Anyway, the point is, yes, robots could (and will) be a very significant part of colonization effort, but they can't replace humans entirely. I'll give you the idea that much of the human body is low tech, but our brains, though far from perfect, are more advanced than anything we've got.

Comment Re:Uh, simple (Score 1) 246

Infrastructure is a lot more complicated some pressure capsules and solar panels. Infrastructure to make a colony viable would mean agriculture and industry (including ways to deal with their negative externalities). Everything about both of those would need to be bootstrapped from Earth.

Even at SpaceX's best rates for the Falcon 9 and Dragon capsules at maximum capacity it would take over 14,000 launches to put those 100,000 colonists into orbit. That alone would cost a trillion dollars (assuming awesome rates from SpaceX and no failures). Just the structures and resources to keep those people alive for the first year would cost several tens of trillions of dollars more. The infrastructure to make an actual colony...well hopefully you get the picture. To put the numbers in better perspective we've only launched a little over 300 manned orbital missions in history. Ever.

A solid outline of the challenges, but a simplistic understanding of the proposed solutions. You don't put 100,000 colonists in orbit as fast as possible and put them to work building a metropolis on Mars. You put a few fertile and healthy couples on Mars at a time, over and over, and you grow the colony over hundreds of years. In fact, you grow several independent ones simultaneously, so one can evacuate to others in the event of an emergency. An additional 300 launches spread out over, say, six Earth-Mars launch windows (about 10 years) could mean 1200-1800 colonists, not counting any children they may have, and the infrastructure, agriculture, and industry involved in supporting those people would grow with the population. It would be heavily reliant on Earth for a long time, but that reliance could slowly disappear over time as Martian humans make do with what they can produce themselves, which could end up being a lot more than we can imagine with today's technology.

Of course, also on those timescales (centuries), the ability to recolonize Earth is questionable.
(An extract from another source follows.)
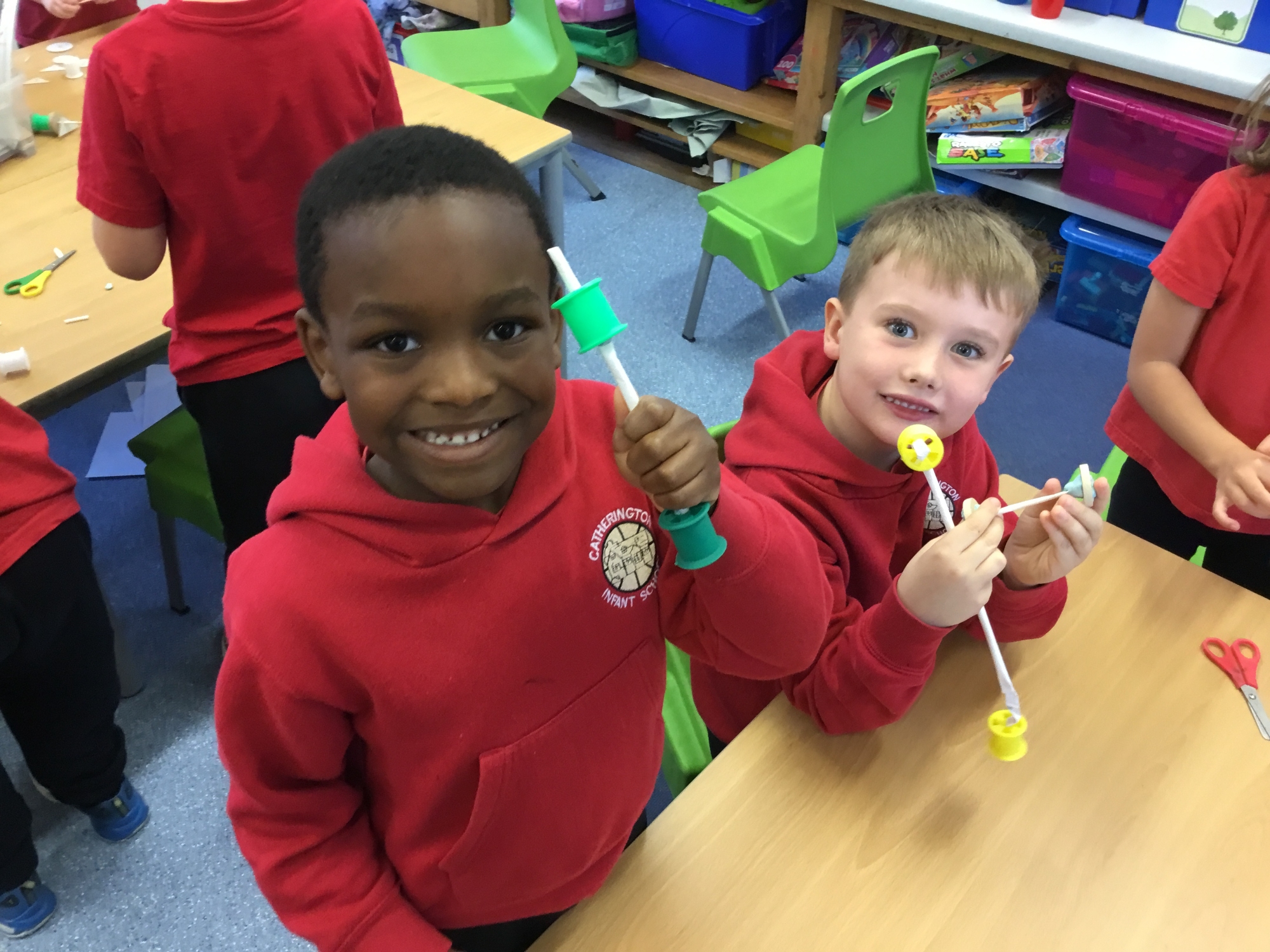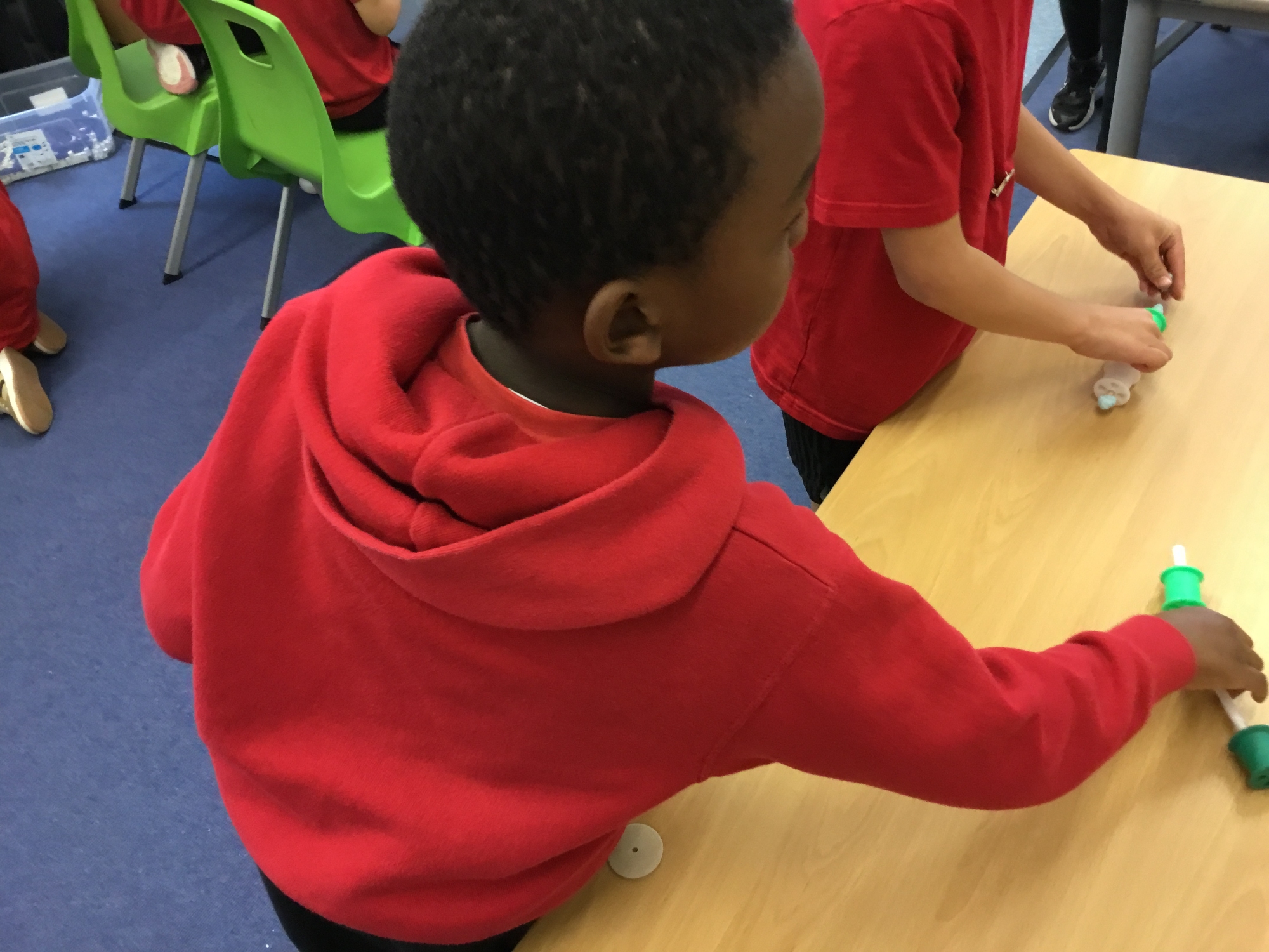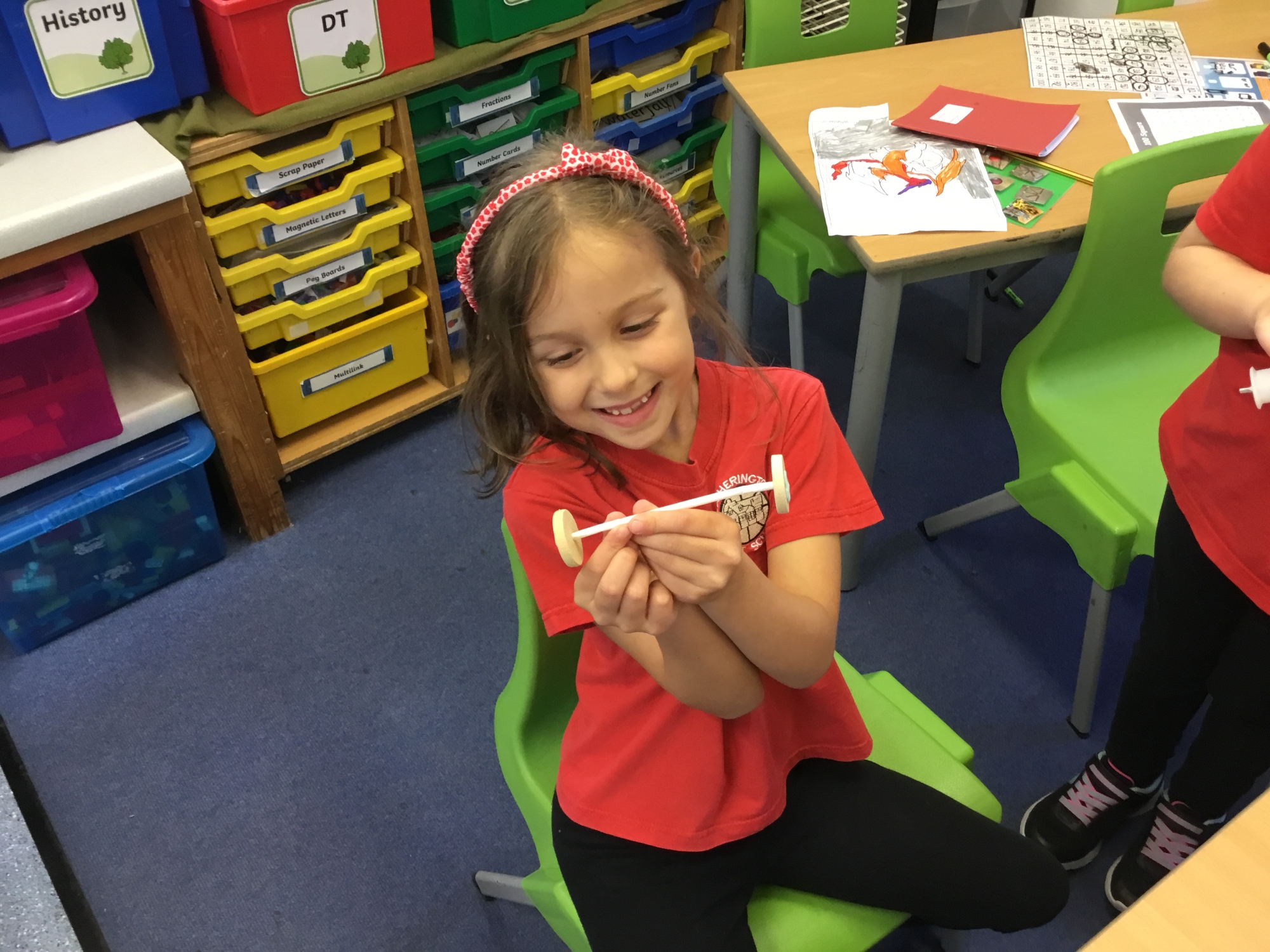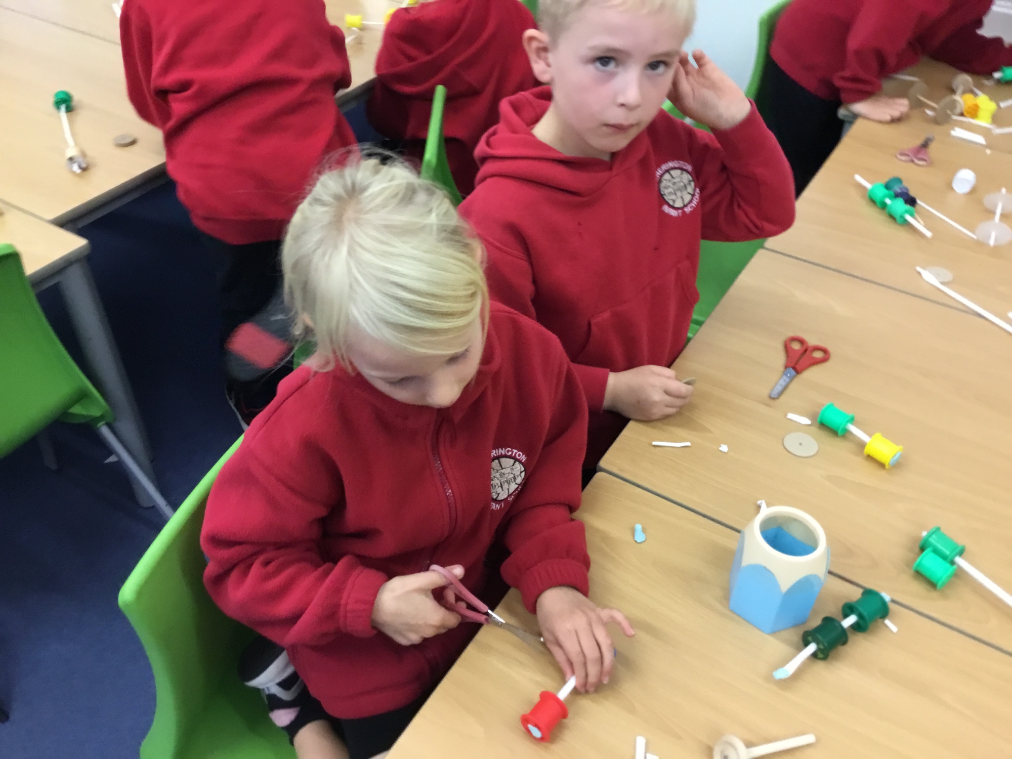 This week the children recapped their woodwork skills of how to use a vice to hold a piece of wood and then how to use a hammer and nails safely to help them make wheels and axles. We explored which materials and joining techniques we could use to make fixed and free moving wheels and axles. We experimented to see which was the best wheel type and axle to meet the criteria of transporting a pencil pot.
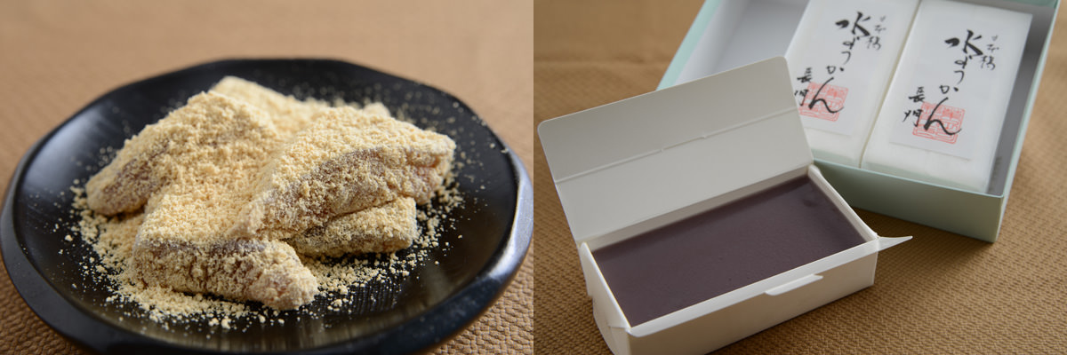 写真左:わらび粉で仕立てた久寿もち890円。「長門」の人気商品で、夕方には売り切れてしまうことも。夏場は冷蔵庫で15分ほど冷やして食べるのがお薦めだ。賞味期限2日間。

Even the first human that grows up on Mars would have a great deal of trouble adapting to Earth, which would have three times his or her native gravity! They could probably do it with some fancy exoskeleton technology that might not exist yet, but their bones wouldn't be used to the stress at all, and they could easily have some crippling agoraphobia. But who knows what other adaptations the human body will undergo, given enough time. If anything, colonizing Mars is a stepping stone to a mostly space-faring civilization, but that's far, far into the future.